SAWT BEIRUT INTERNATIONAL

| 20 April 2024, Saturday |

Biden, South Korea’s Moon express willingness to engage North Korea

U.S. President Joe Biden and South Korean President Moon Jae-in issued a new urgency on Friday to try to engage North Korea’s nuclear arms dialog with Biden saying that under the right conditions, it would meet with its leader Kim Jong Un.

Biden and Moon said their aim was the full denuclearization of the Korean Peninsula, Biden stressing that he was “under no illusion” of North Korea’s difficulty in renouncing its nuclear arsenals following failure of its predecessors.

“We both are deeply concerned about the situation,” Biden said at a joint news conference, adding that he and Moon shared a willingness to engage diplomatically with the North and “to take pragmatic steps to reduce tensions.”

North Korea has rebuffed U.S. entreaties for diplomacy since Biden took over from Donald Trump, who had three summits with Kim and famously exchanged “beautiful letters” with the third-generation leader.

Kim refused to give up his nuclear weapons but did impose a freeze on testing them. He has not tested a nuclear bomb nor launched an inter-continental ballistic missile since 2017, although experts believe his arsenal has steadily grown.
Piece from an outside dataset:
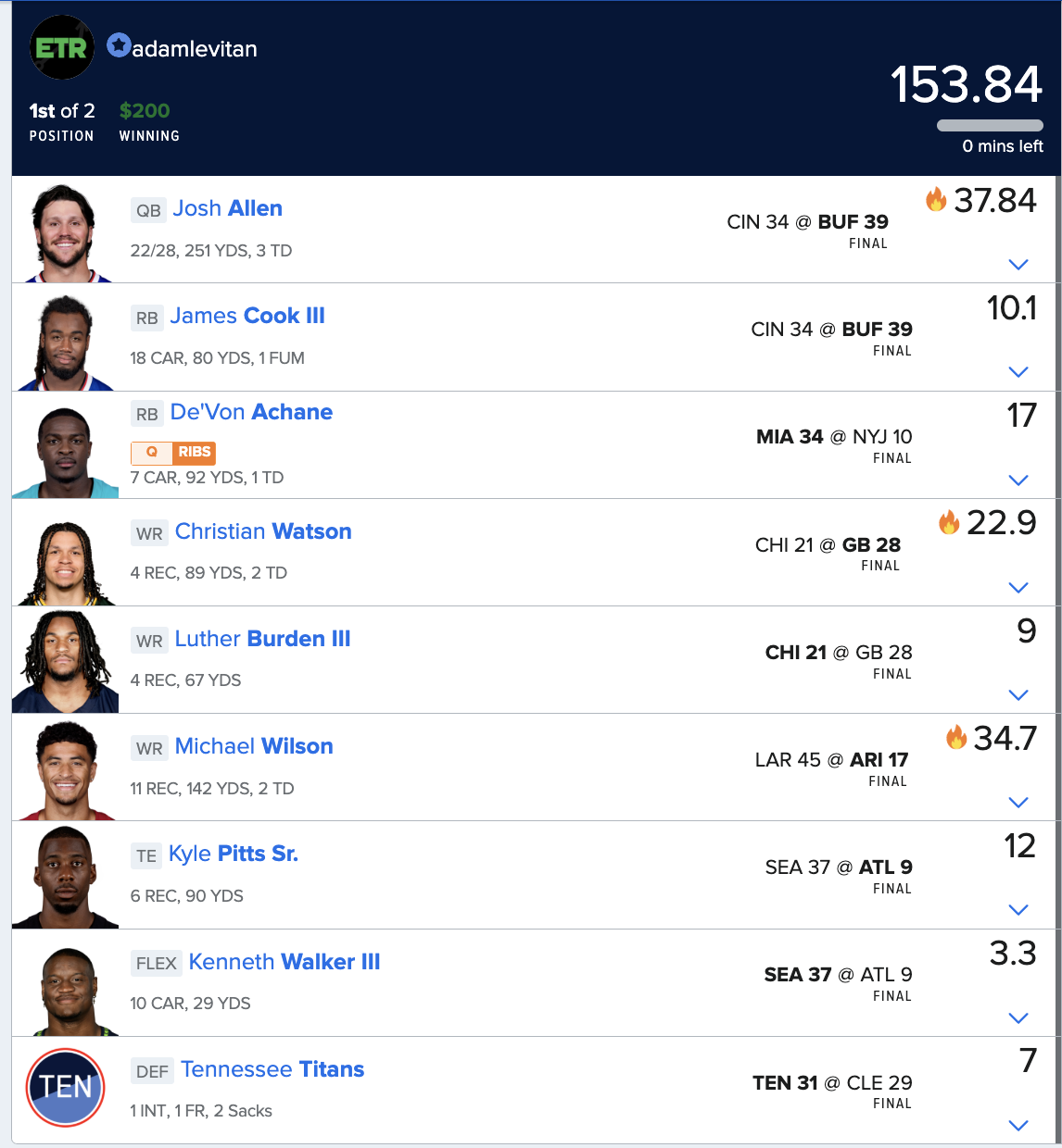 I’ve run very pure on injuries in cash so far this season, so I shouldn’t complain. But I still will. De’Von Achane was going for 50 if he didn’t get hurt, Jayden Daniels missed all of garbage time against the Vikings, and the Jets had to turn to “Brady Cook” after Tyrod Taylor went down. On FanDuel, I thought Kenneth Walker vs. RJ Harvey was a true coinflip… and I lost that by 15.7 points.

Biden said he would be willing to meet Kim under the right conditions – if he agreed to discuss his nuclear program and that his advisers first met with their North Korean counterparts to lay the groundwork.

“I would not do what had been done in the recent past; I would not give him all he’s looking for – international recognition as legitimate and allow him to move in the direction of appearing to be more … serious about what he wasn’t at all serious about.”
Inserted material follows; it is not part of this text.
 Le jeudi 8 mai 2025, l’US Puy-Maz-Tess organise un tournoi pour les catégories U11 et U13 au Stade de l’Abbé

Biden’s comments appeared to reflect a shift in his thinking given that the White House said in March it was not his intention to meet with Kim.

SPECIAL ENVOY

Biden appointed veteran State Department official Sung Kim as special U.S. envoy for North Korea.
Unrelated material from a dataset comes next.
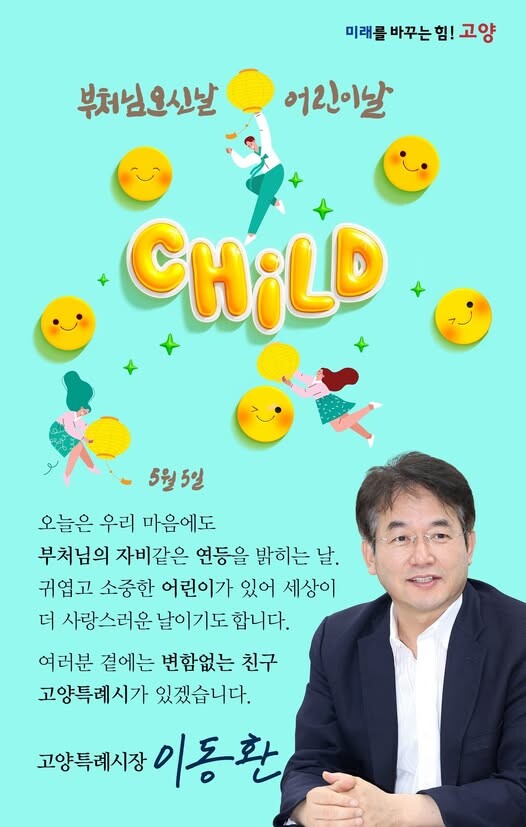 [고양=로컬라이프] 조준영 기자 = 이동환 고양특례시장은 5일, 자신의 페이스북을 통해 오늘은 우리마음에도 부처님 자비같은 연등을 밝히는 날. 귀엽고 소중한 어린이가 있어 세상이 더 사랑스러운 날이기도 하다고 밝혔다.

South Korea had been pushing for the appointment of an envoy, and Moon, for whom engagement with North Korea is a legacy issue before he leaves office next year, said Sung Kim would help explore whether North Korea is willing to engage diplomatically. He said he expected a positive response.

Sung Kim is a Korean-American diplomat who served as special envoy for North Korea under President Barack Obama and helped set up Trump’s summits with Kim Jong Un.

Jenny Town of 38 North, a Washington-based North Korea project, said Sung Kim’s appointment was positive after the administration had signaled it was in no hurry to fill the post.